Lord Falconer’s Assisted Dying Bill reached Committee Stage in the House of Lords on Friday 7 November. It seeks to legalise assisted suicide (but not euthanasia) for mentally competent adults (aged over 18) with less than six months to live, subject to ‘safeguards’ under a two doctors’ signature model similar to the Abortion Act 1967.
Opponents to the Bill had tactical choices: either to try to kill the bill dead at second reading on 18 July – as they did with a similar bill from Lord Joffe in 2006 – or to strangle it slowly in committee by amending it, if necessary with ‘wrecking’ devices. They have opted for the latter, which means clear arguments against will form part of the official record of the debate. This will effectively stop Falconer complaining that ‘we have not yet had the debate’. Peers will instead literally do it to death.
And so the House of Lords are now debating the bill line by line and considering amendments. Thus far 175 amendments to the bill have been tabled and collated into over 40 groups. Only four of these groups were considered on the first day of committee (7 November) so there is still a long way to go (you can read last Friday’s full debate here). There have even been extra amendments laid for pure comedy value!
House of Lords protocol requires that each proposed amendment has to receive the offer of debating time so given that there are only three more possible committee days this year to consider it, and no further days have yet been allocated by the government whips, the bill is fast running out of time.
It may not even reach the report and third reading stages necessary for it to clear the House of Lords. And even if it does those on both sides agree that there is no time for it to go through the House of Commons before the general election on 7 May 2015.
This means almost inevitably that the bill will fall and that Lord Falconer will have to start all over again next summer – which he no doubt will do.

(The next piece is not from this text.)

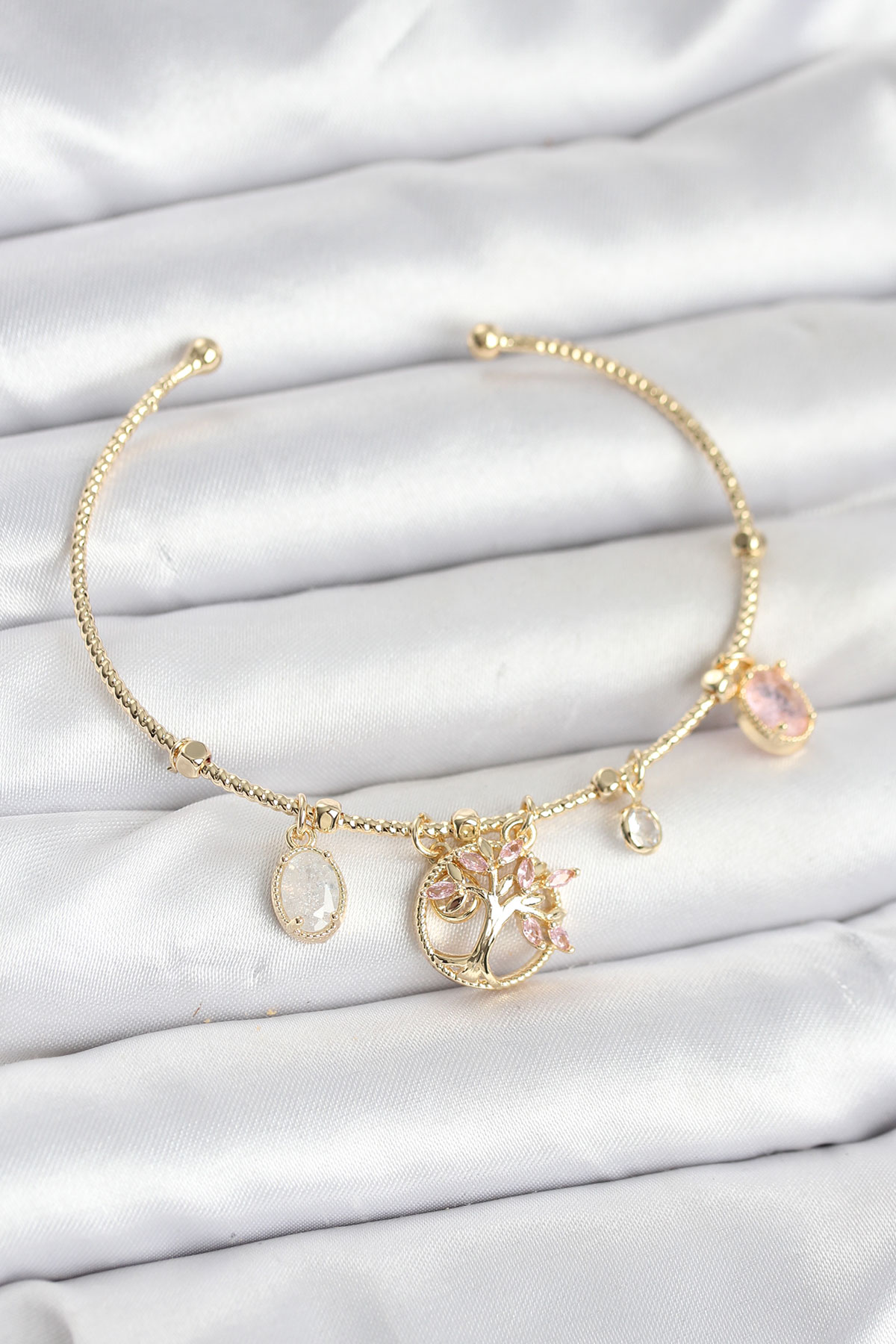 Hayat Ağacı Charmlı Gold Renk Pirinç Kadın Bileklik

The debate now however is still very important as it will form part of the parliamentary record and will influence future discussions. And so we are asking all those opposed to the bill to write to members of the House of Lords urging them to reject the bill at third reading, if it should come to a vote.
One development on 7 November was the ‘acceptance’ of an amendment that judges, not doctors, should take final decisions about whether someone should be given the go-ahead to take their own life. Or at least that is how it was spun by the media. In fact, Lord Pannick (a strong supporter of Falconer), who moved the amendment, was reminded by other peers of the convention not to vote on amendments before report stage, but he pushed it to a vote regardless at a time when his supporters (many of whom left soon afterwards) were present in good numbers.
Those opposed to him then simply sat on their hands and abstained meaning that a formal division was not called for. So in effect the ‘acceptance’ means very little. No amendment stands anyway if the bill falls at third reading and more can be moved at report stage before that.
Lords Pannick’s amendment puts a fearsome onus on judges but also demonstrates one of the weaknesses of Falconer’s bill – the fact that someone on his own side felt moved to tighten his ‘safeguards’ further is further evidence that they are not safe. A fuller analysis of the bill and a paper giving warnings from Oregon where similar legislation was passed are both available on the Care Not Killing website.
These concerns about safety are further confirmed by a new Comres poll which showed that a clear majority of public says there is no safe system of assisted suicide and that more than four in ten believe assisted suicide will be extended beyond the terminally ill if the current law is changed.
Andrew Hawkins, Chairman of ComRes, has commented:
‘The obvious conclusion is that while the public are broadly sympathetic to the rights-based argument in favour of ending lives at the time of a person’s choice, there is widespread concern about the abuse to which any system is likely to be open. These concerns are apparent across three areas – by the medical profession… by unscrupulous relatives, and in terms of pressure to end lives prematurely and on diminishing palliative and other health care resources.’
This latest series of events has all the hallmarks of a phoney war. Regardless, Falconer and his allies will undoubtedly not let the matter rest. The first shots have indeed been fired but this battle will run and run.